According to the American Cancer Society, prostate cancer will account for an estimated 180,890 new cases and 26,120 deaths in 2016, continuing to be the most commonly diagnosed cancer and second-leading cause of cancer death in men in the United States. This research application provides rationale toward the design and development of new diagnostic agents based upon two well-validated biomarkers for early and late-stage detection of prostate cancer and is central to the research mission of the United States Department of Veterans' Affairs of seeking fundamental knowledge to enhance health, lengthen life, and reduce illness and disability of American veterans. The primary objective of this research application is to develop a metabolically stable, bivalent (dual receptor targeting), gastrin releasing peptide receptor/prostate-specific membrane antigen (GRPR/PSMA) targeting radioligand for Single Photon Emission Computed Tomography (SPECT) imaging of GRPR- and PSMA- positive prostate tumors. The GRPR and PSMA are well-validated prostate cancer biomarkers that are expressed in very high numbers on the surfaces of most prostate cancers. Because prostate cancer cells seem to differentially express specific receptors depending upon factors that may include chronicity and metastatic nature, it logically follows that a compound capable of targeting more than one biomarker would have the potential of binding to both early and chronic/metastatic stages of prostate cancer, enabling a more prompt and accurate diagnostic profile for both stages of disease. This application contains four discrete and well-delineated specific objectives: 1. Synthesis, purification, and characterization of new bivalent GRPR/PSMA-targeting radioligands. 2. To validate the cell targeting capacity of the GRPR/PSMA-targeting probes in vitro in GRPR/PSMA- expressing cells. 3. To evaluate the pharmacokinetics, pharmacology, stability, and SPECT imaging potential of the targeting probes in GRPR/PSMA-expressing prostate tumors in mice. 4. Quantitative pharmacokinetic tumor modeling and single dose acute toxicity study of the most viable molecular imaging candidate.
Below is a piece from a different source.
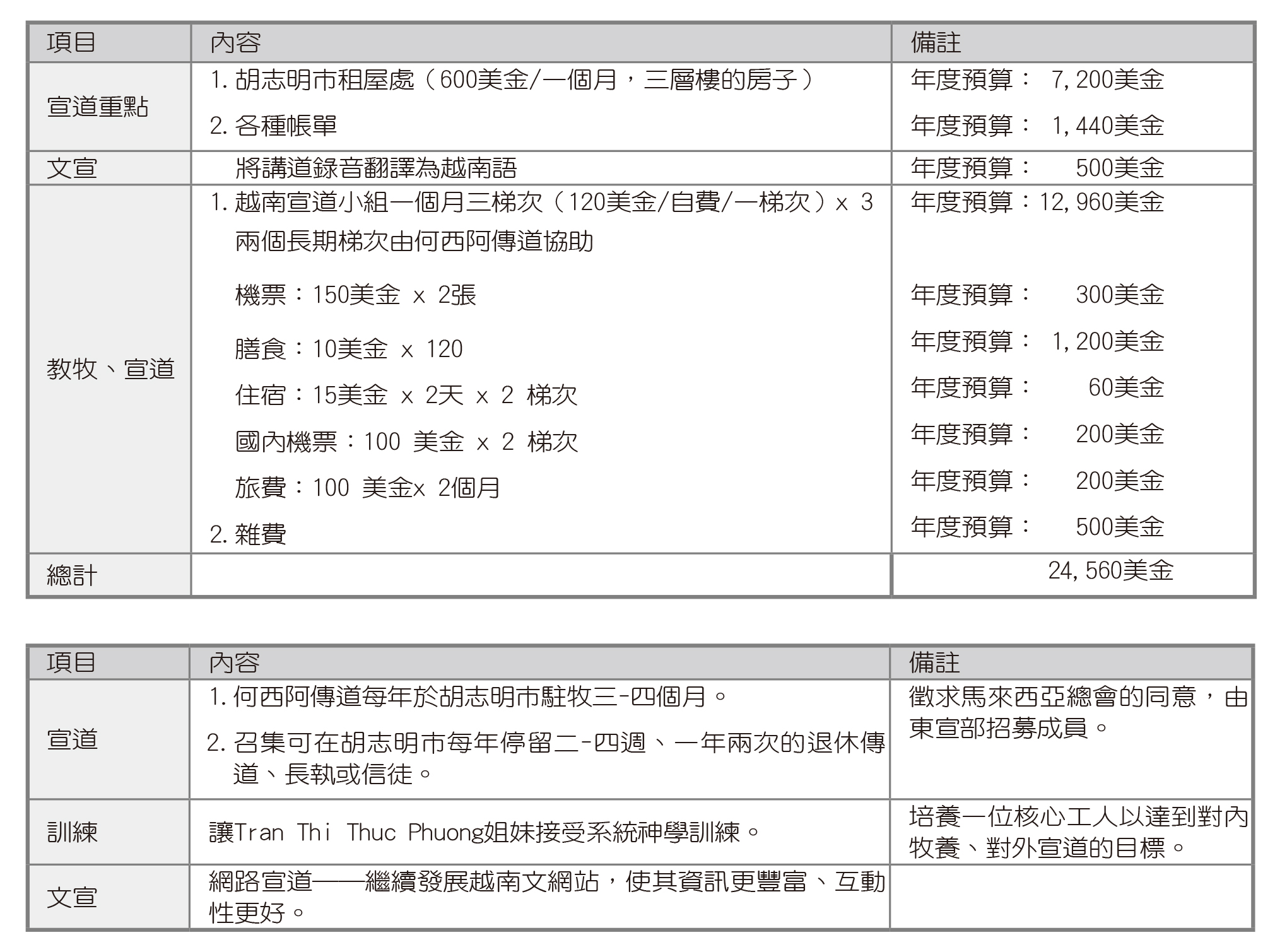 ‧訓練──目前有一位新加坡信徒住在胡志明市。國外工人不在的期間,便由他來帶領聚會。一位當地信徒曾參加過在新加坡舉辦的短期神學訓練班,我們希望能對她多加訓練,以期未來她能以越南語直接帶領教牧及宣道的聚會。

据美国癌​​症协会估计，前列腺癌将导致 180,890 例新病例 2016 年有 26,120 人死亡，仍然是最常见的癌症和第二大原因 美国男性癌症死亡人数。这项研究应用为设计提供了理论依据 基于两种经过充分验证的早期和晚期生物标志物开发新的诊断剂 前列腺癌的检测，是美国卫生部研究任务的核心 退伍军人事务部致力于寻求基础知识，以增强健康、延长寿命、减少疾病和 美国退伍军人的残疾。 本研究应用的主要目标是开发一种代谢稳定的二价（双受体） 靶向）、胃泌素释放肽受体/前列腺特异性膜抗原（GRPR/PSMA）靶向 用于 GRPR- 和 PSMA- 的单光子发射计算机断层扫描 (SPECT) 成像的放射性配体 前列腺肿瘤呈阳性。 GRPR 和 PSMA 是经过充分验证的前列腺癌生物标志物 在大多数前列腺癌的表面上以非常高的数量表达。因为前列腺癌细胞 似乎根据可能包括慢性和 转移性质，从逻辑上讲，能够靶向多个生物标志物的化合物将 有可能与前列腺癌的早期和慢性/转移阶段结合，从而使更多 对疾病的两个阶段进行及时、准确的诊断。 该应用程序包含四个离散且明确的具体目标： 1. 新型二价 GRPR/PSMA 靶向放射性配体的合成、纯化和表征。 2. 体外验证 GRPR/PSMA 靶向探针的细胞靶向能力 表达细胞。 3. 评估靶向药物的药代动力学、药理学、稳定性和 SPECT 成像潜力 小鼠体内表达 GRPR/PSMA 的前列腺肿瘤的探针。 4. 最可行的定量药代动力学肿瘤模型和单剂量急性毒性研究 分子成像候选人。